Goal of the exercise: Copy each line of the listing below exactly and drop the images.
---------- Record set
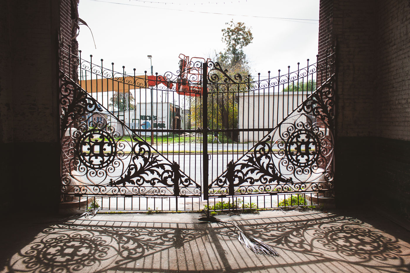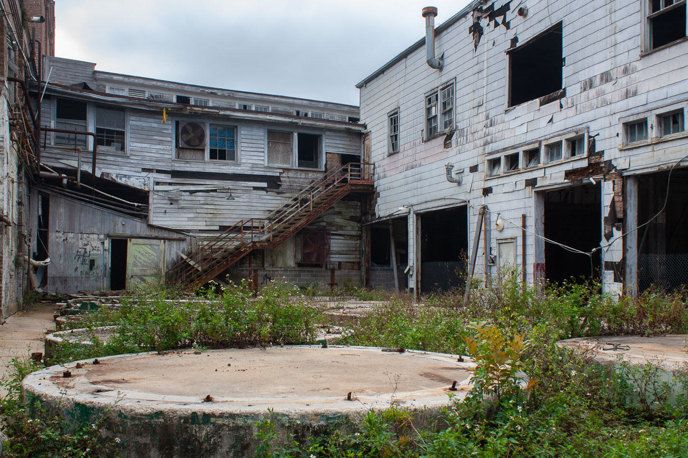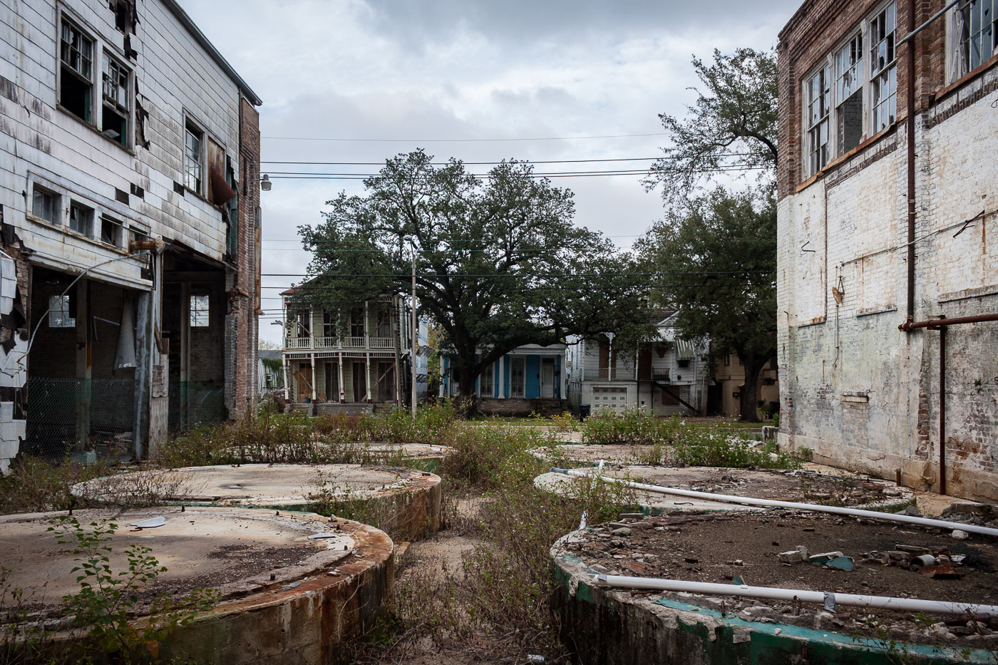 Photographs of the vacant Dixie Brewery complex in New Orleans showing interiors, machinery, tanks, gates and graffiti
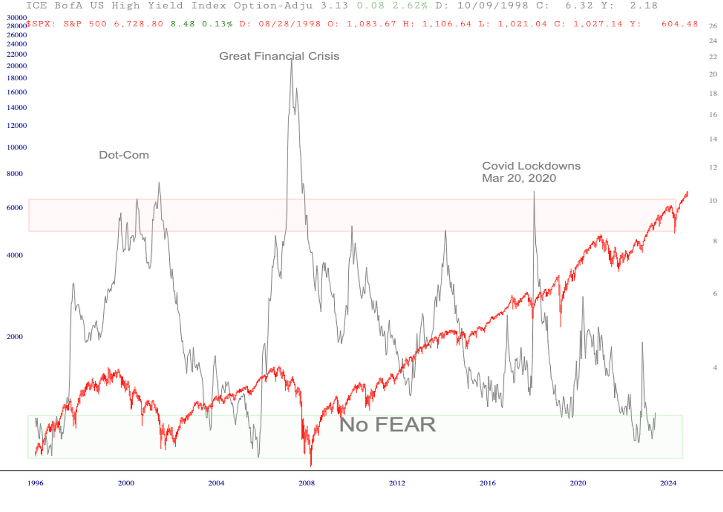 Pretty self explanatory. Chart goes back to 1996. Red line is S&P500
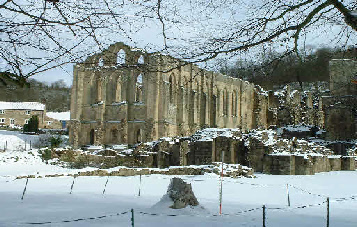 Rievaulx Abbey with decaying experimental furnace in the foreground. Photo: Author)
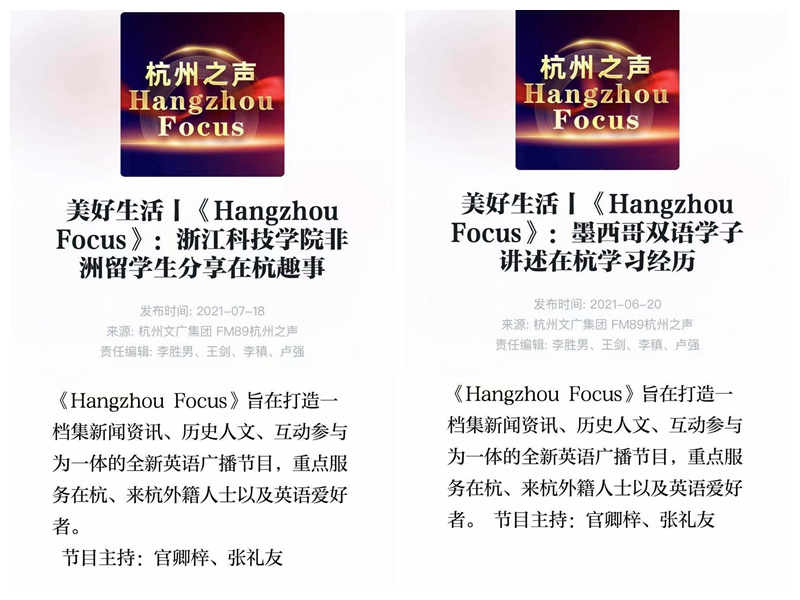 《Hangzhou Focus》旨在打造一档集新闻资讯、历史人文、互动参与为一体的全新英语广播节目,重点服务在杭、来杭外籍人士以及英语爱好者。近日,我校2位留学生受邀参加节目,讲述在杭学习生活经历。
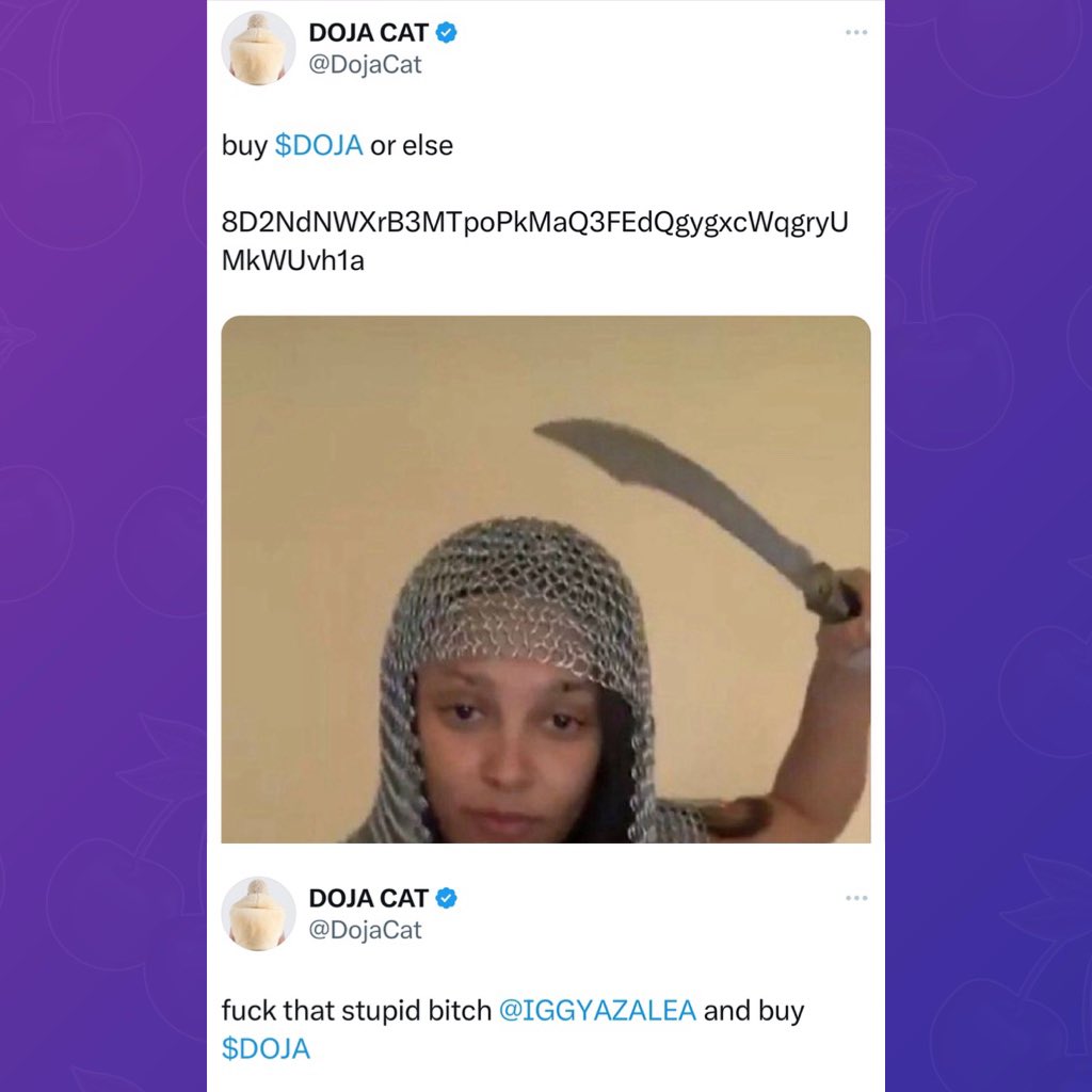 Впервые про взлом рэперши написало медиа про селебрити Daily Trends. В посвященном этому посте аккаунт также опубликовал видео самой Doja Cat, в котором она утверждает, что не имеет никакого отношения к уже удаленному твиту про токен.
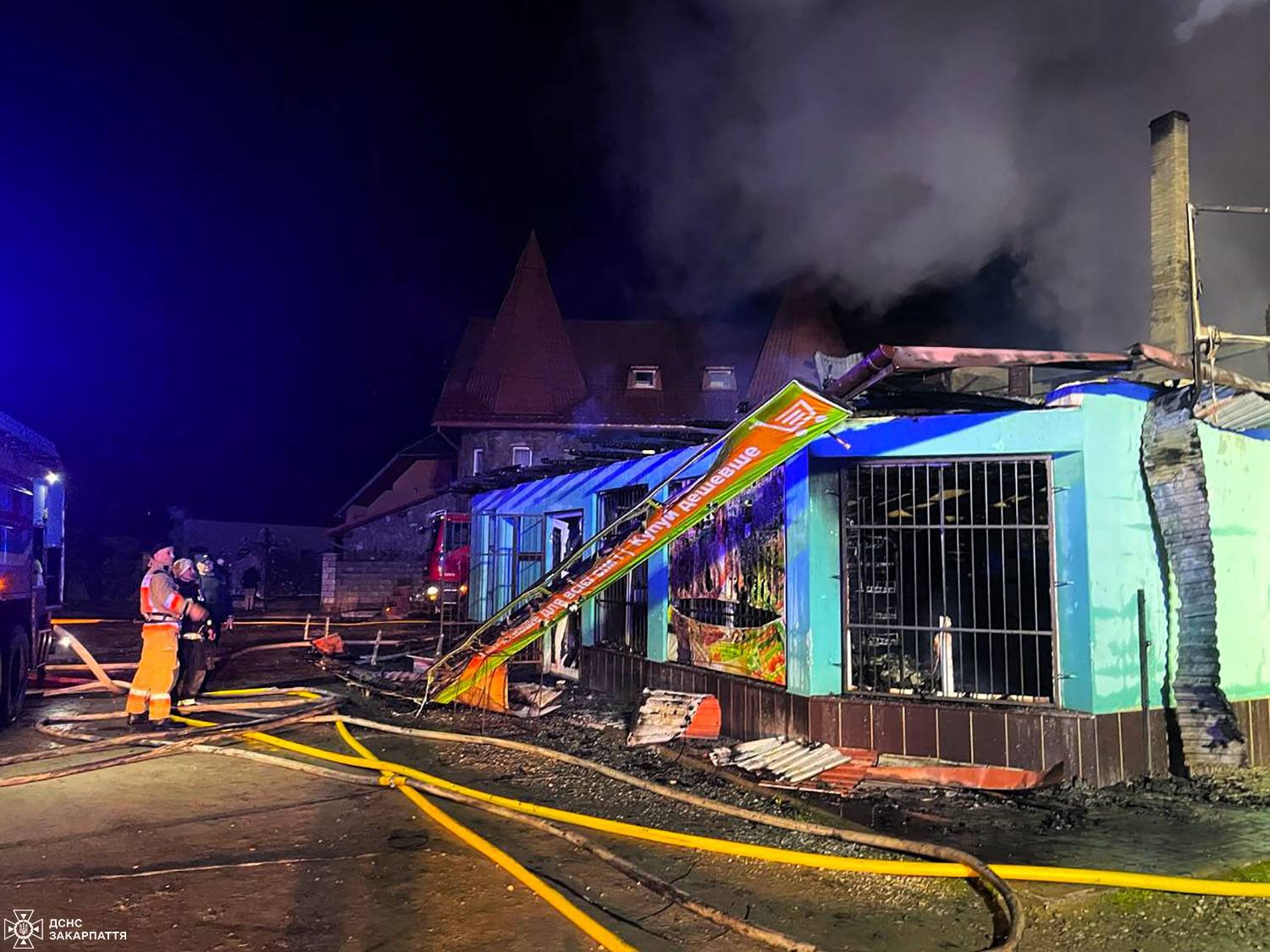 Масштабна пожежа на Закарпатті: згорів двоповерховий магазин
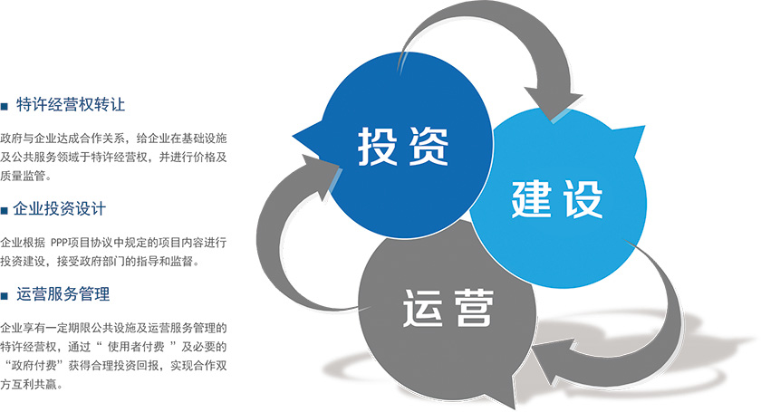 ■ 運營服務管理企業(yè)享有一定期限公共設施及運營服務管理的特許經(jīng)營權,通過“ 使用者付費 ”及必要的“政府付費”獲得合理投資回報,實現(xiàn)合作雙方互利共贏。
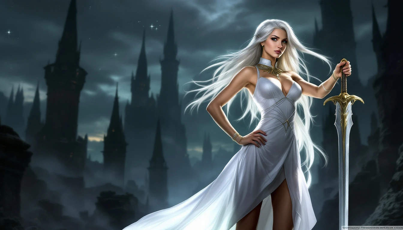 a woman in a white dress holding a sword, with a fantasy landscape in the background. The woman has long, flowing white hair and is wearing a white dress with gold accents and a high neckline. She is holding a large sword in her right hand, with the blade pointing downwards. The sword has a gold hilt and a long, curved blade. The woman is standing in a dramatic pose, with her left hand on her hip and her right hand holding the sword. The background of the image is a fantasy landscape, with tall spires and towers rising up into the sky. The sky is dark and cloudy, with a few stars visible. The overall effect of the image is one of drama and fantasy, with the woman in the white dress and the sword being the central focus of the image.
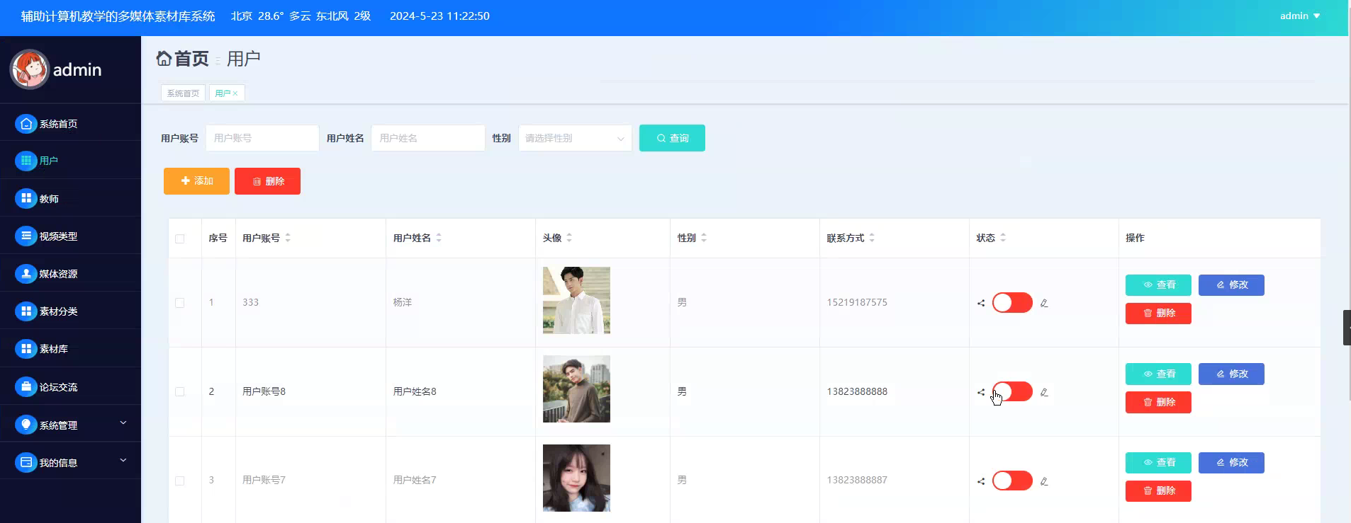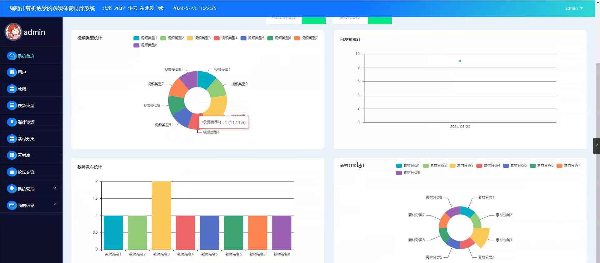 如图像、音频、视频及文本等。通过高效的分类和管理功能,用户可以轻松地找到所需的素材,并将其集成到教学活动中去,极大地丰富了教学内容和形式。同时,系统还提供了论坛交流和通知公告等功能,加强了师生之间的互动与沟通,促进了教学信息的有效传递。个人中心允许用户管理个人信息和收藏的素材,增加了系统的个性化体验。管理员则拥有更全面的管理权限,包括用户管理、系统设置等,确保系统的顺畅运行。整体而言,多媒体素材库系统为现代计算机辅助教学提供了强有力的支持,使得教育资源更加生动、便捷和高效。
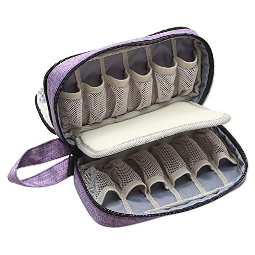 Double Layer Design. Several slots and pockets for storing 12 bottles of essential oils (5ml-15ml), extra empty roller bottles, openers, droppers, and other small accessories.
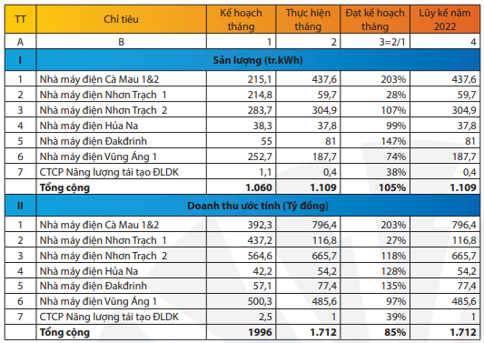 Trong đó, nhà máy điện Cà Mau 1&2 đạt sản lượng lớn nhất với 437,6 triệu kWh, đạt 203% kế hoạch. Tiếp theo là nhà máy điện Nhơn Trạch 2 và Vũng Áng 1 lần lượt đạt 304,9 triệu kWh và 187,7 triệu kWh, đạt 107% và 74% kế hoạch.
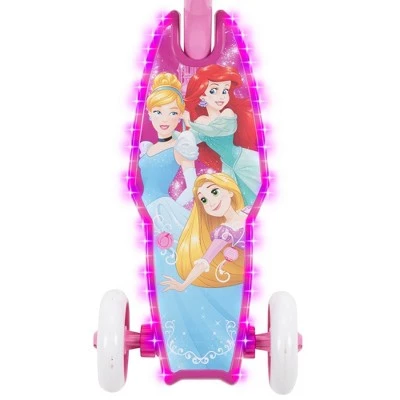 This Disney Princess 3-wheel Scooter from Huffy makes riding through a sidewalk feel like an enchanting tale. The scooter’s handlebar plaque and deck are decorated with so many favorite Disney princesses: Ariel, Tiana, Jasmine, Rapunzel, Belle, and Cinderella.
--------------------
Solution below:
 Photographs of the vacant Dixie Brewery complex in New Orleans showing interiors, machinery, tanks, gates and graffiti
 Pretty self explanatory. Chart goes back to 1996. Red line is S&P500
 Rievaulx Abbey with decaying experimental furnace in the foreground. Photo: Author)
 《Hangzhou Focus》旨在打造一档集新闻资讯、历史人文、互动参与为一体的全新英语广播节目,重点服务在杭、来杭外籍人士以及英语爱好者。近日,我校2位留学生受邀参加节目,讲述在杭学习生活经历。
 Впервые про взлом рэперши написало медиа про селебрити Daily Trends. В посвященном этому посте аккаунт также опубликовал видео самой Doja Cat, в котором она утверждает, что не имеет никакого отношения к уже удаленному твиту про токен.
 Масштабна пожежа на Закарпатті: згорів двоповерховий магазин
 ■ 運營服務管理企業(yè)享有一定期限公共設施及運營服務管理的特許經(jīng)營權,通過“ 使用者付費 ”及必要的“政府付費”獲得合理投資回報,實現(xiàn)合作雙方互利共贏。
 a woman in a white dress holding a sword, with a fantasy landscape in the background. The woman has long, flowing white hair and is wearing a white dress with gold accents and a high neckline. She is holding a large sword in her right hand, with the blade pointing downwards. The sword has a gold hilt and a long, curved blade. The woman is standing in a dramatic pose, with her left hand on her hip and her right hand holding the sword. The background of the image is a fantasy landscape, with tall spires and towers rising up into the sky. The sky is dark and cloudy, with a few stars visible. The overall effect of the image is one of drama and fantasy, with the woman in the white dress and the sword being the central focus of the image.
 如图像、音频、视频及文本等。通过高效的分类和管理功能,用户可以轻松地找到所需的素材,并将其集成到教学活动中去,极大地丰富了教学内容和形式。同时,系统还提供了论坛交流和通知公告等功能,加强了师生之间的互动与沟通,促进了教学信息的有效传递。个人中心允许用户管理个人信息和收藏的素材,增加了系统的个性化体验。管理员则拥有更全面的管理权限,包括用户管理、系统设置等,确保系统的顺畅运行。整体而言,多媒体素材库系统为现代计算机辅助教学提供了强有力的支持,使得教育资源更加生动、便捷和高效。
 Double Layer Design. Several slots and pockets for storing 12 bottles of essential oils (5ml-15ml), extra empty roller bottles, openers, droppers, and other small accessories.
 Trong đó, nhà máy điện Cà Mau 1&2 đạt sản lượng lớn nhất với 437,6 triệu kWh, đạt 203% kế hoạch. Tiếp theo là nhà máy điện Nhơn Trạch 2 và Vũng Áng 1 lần lượt đạt 304,9 triệu kWh và 187,7 triệu kWh, đạt 107% và 74% kế hoạch.
 This Disney Princess 3-wheel Scooter from Huffy makes riding through a sidewalk feel like an enchanting tale. The scooter’s handlebar plaque and deck are decorated with so many favorite Disney princesses: Ariel, Tiana, Jasmine, Rapunzel, Belle, and Cinderella.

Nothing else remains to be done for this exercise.